Several authors I refer to are selfconsciously engaged with postmodernism or deconstruction, most engage literary and cultural theory. Without exception works I refer to add depth of insight and theoretical sophistication to study of Java; I question the unsaid as much as the said and thus make only marginal commentary which is not pretending to be comprehensive or balanced.
In debates about conceptualising Indian influences, "external forms" were counterpointed to "indigenous uses". Early studies depreciated locals, in effect if not intent, seeing all inspiration as imported, a general and explicit disempowering of locals framed by colonial structures which encouraged it. Everyone disavows this aspect of colonialism. Wolters used the term "localisation", employing insights from literary theory, to emphasise that imported elements are adapted by indigenous systems to local purposes. The volition and creative power of local actors reappears in that, but his gain may be at risk in recent studies, not because it is denied but because its significance is forgotten.

In a thesis by Sears on the history of the wayang her analysis uncovers a hidden voice within the drama. Sears' work, essentially structuralist rather than postmodern, is relevant here. As is known, the narrative core of wayang centres on the Mahabharata. Nevertheless there is emphasis on likelihood of a Javanese origin to it presentation. Rassers speculated that the shadow drama began as invocation of ancestral spirits in the context of rites of initiation centering on Polynesian styled men's houses. He refers to Hazeu's arguments that in technical terminology and elements of narrative form the wayang is indigenous. Others, including Krom and Ras, argued for Indian origins. Whatever the origins of the drama, Sears gives a convincing argument that the authoritative voice encoded within it is that of the Indian treatise on drama, the Natyasastra, thus that the theory which establishes its aesthetic constraints is fundamentally Indian.
Afficionados of wayang see it as profoundly and distinctively Javanese, it occupies a key position within the web of tradition, ramifying through other fields.

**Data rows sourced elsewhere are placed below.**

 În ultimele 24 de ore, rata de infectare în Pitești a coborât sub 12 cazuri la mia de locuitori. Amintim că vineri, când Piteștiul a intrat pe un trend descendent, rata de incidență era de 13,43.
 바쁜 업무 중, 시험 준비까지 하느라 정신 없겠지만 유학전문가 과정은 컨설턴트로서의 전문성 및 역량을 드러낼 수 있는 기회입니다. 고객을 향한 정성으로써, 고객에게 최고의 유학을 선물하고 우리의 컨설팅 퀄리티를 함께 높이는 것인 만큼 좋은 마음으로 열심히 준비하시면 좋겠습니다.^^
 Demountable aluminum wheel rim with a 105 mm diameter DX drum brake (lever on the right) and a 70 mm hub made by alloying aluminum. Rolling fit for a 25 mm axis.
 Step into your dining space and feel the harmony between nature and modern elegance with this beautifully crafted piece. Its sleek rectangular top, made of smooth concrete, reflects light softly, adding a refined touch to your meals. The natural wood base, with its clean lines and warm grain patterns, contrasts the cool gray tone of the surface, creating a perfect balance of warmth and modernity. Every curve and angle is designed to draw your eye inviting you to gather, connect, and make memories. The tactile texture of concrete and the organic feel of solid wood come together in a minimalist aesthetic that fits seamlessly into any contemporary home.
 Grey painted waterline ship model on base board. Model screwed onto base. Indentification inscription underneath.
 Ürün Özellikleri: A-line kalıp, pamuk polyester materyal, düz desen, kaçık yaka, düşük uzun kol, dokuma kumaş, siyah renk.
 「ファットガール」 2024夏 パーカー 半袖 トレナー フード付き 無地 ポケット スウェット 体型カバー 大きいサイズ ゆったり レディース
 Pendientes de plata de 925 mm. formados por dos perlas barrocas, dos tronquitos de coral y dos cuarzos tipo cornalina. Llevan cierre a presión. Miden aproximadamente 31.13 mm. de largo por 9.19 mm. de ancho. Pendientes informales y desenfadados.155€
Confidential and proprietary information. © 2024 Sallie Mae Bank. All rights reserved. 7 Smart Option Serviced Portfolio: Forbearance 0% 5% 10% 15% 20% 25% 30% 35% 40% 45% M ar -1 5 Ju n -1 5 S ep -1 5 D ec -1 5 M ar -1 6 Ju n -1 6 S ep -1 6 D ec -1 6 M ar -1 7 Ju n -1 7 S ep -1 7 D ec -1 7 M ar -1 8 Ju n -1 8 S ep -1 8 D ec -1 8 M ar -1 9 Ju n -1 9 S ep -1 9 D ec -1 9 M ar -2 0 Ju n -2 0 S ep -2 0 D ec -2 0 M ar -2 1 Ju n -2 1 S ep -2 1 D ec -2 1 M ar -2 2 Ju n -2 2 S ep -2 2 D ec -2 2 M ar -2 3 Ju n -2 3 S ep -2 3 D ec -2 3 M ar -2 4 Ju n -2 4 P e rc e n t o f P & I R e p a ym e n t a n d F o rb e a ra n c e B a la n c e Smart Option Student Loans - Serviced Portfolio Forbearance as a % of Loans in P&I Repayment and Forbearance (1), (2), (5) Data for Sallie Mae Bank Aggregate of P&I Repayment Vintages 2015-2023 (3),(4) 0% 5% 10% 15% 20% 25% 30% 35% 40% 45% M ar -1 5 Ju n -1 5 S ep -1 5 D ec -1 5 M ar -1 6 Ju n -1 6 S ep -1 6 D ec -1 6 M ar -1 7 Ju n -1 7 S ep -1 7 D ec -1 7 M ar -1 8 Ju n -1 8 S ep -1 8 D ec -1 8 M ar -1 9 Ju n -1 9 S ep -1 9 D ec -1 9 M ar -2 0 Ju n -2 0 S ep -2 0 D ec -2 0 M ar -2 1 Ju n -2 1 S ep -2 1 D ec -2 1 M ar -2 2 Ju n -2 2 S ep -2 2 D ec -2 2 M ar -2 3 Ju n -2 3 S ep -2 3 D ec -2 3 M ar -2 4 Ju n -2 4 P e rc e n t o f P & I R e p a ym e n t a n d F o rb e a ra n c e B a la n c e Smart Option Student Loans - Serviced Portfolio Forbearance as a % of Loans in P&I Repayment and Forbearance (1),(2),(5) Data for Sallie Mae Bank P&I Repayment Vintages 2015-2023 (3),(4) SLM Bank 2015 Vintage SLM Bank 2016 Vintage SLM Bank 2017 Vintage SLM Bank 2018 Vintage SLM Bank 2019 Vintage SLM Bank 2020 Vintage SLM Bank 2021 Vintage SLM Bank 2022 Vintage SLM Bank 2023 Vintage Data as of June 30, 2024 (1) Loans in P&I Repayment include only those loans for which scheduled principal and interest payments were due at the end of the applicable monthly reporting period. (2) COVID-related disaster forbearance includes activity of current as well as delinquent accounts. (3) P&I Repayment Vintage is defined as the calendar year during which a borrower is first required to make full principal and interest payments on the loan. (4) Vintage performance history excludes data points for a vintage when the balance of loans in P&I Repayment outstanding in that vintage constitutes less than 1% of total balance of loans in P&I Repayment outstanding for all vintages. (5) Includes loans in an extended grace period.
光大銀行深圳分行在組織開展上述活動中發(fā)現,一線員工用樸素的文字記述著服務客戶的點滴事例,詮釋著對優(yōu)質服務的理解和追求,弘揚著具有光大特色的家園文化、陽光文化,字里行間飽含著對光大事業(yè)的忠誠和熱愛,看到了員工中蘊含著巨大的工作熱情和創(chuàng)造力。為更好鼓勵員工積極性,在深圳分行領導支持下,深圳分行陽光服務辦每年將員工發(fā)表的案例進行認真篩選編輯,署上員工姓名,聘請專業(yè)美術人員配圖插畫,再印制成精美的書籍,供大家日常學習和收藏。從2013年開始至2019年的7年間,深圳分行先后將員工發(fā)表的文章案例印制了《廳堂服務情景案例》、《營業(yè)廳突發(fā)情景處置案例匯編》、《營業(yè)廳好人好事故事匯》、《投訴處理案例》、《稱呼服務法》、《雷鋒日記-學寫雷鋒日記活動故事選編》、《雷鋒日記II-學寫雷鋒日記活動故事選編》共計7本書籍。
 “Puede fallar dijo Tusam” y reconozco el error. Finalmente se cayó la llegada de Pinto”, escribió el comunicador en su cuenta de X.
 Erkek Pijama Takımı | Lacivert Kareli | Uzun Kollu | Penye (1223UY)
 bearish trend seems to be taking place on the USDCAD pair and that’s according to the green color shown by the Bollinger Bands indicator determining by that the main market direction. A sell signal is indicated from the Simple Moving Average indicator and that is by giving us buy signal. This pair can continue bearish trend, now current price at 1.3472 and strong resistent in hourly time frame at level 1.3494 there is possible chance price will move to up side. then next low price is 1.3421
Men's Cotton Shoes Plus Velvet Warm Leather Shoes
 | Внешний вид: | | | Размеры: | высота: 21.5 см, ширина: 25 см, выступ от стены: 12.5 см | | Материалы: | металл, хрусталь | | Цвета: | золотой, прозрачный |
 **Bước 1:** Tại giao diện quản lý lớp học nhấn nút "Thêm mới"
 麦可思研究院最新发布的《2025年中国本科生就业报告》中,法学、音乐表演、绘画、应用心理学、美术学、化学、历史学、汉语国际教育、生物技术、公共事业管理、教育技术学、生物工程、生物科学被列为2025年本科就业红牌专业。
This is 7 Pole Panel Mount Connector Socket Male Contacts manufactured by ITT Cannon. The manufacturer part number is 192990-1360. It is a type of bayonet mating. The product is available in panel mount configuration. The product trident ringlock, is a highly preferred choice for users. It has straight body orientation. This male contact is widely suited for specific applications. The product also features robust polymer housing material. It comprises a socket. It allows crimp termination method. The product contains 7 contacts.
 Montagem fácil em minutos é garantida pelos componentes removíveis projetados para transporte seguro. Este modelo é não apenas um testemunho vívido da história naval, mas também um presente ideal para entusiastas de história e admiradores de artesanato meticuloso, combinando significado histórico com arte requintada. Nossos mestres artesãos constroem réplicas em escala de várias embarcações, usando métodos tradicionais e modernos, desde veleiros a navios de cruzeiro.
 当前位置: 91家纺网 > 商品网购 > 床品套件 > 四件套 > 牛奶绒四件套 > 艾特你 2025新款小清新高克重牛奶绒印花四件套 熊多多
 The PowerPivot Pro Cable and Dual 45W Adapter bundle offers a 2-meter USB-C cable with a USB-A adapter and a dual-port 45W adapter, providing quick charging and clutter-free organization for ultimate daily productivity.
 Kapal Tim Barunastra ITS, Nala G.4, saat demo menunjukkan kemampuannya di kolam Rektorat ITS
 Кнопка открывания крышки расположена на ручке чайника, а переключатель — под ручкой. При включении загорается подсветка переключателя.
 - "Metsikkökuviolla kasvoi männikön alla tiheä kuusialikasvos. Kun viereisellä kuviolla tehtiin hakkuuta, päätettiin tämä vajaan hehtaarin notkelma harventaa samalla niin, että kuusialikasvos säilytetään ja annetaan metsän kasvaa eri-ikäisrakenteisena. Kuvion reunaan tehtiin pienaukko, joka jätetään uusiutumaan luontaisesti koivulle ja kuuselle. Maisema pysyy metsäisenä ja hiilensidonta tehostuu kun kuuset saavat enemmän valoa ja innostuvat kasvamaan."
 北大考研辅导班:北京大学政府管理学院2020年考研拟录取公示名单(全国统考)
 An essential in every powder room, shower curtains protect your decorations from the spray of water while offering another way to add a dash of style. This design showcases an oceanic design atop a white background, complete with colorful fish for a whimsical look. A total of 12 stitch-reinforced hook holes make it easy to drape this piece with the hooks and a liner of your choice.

This led me to consider what Sears does not ask. Her thesis tells us of a structure underlying wayang, but does not ask what is Javanese about it. This is not wrong (why must it?) but reminds us that conclusions are, as critical theory tells us, dictated by the direction of questions. Sears' thesis directs attention to construction, the ways in which humans are made by systems. Rethinking the thesis in the light of effort to attribute weight to local actors, my problem related to a difference of objective. Sears' concern lay in uncovering formal rules; mine with what people use the drama for, how it served their purposes. The issue is not of accuracy, but of differing motives and methods which give issues of origins different complexions.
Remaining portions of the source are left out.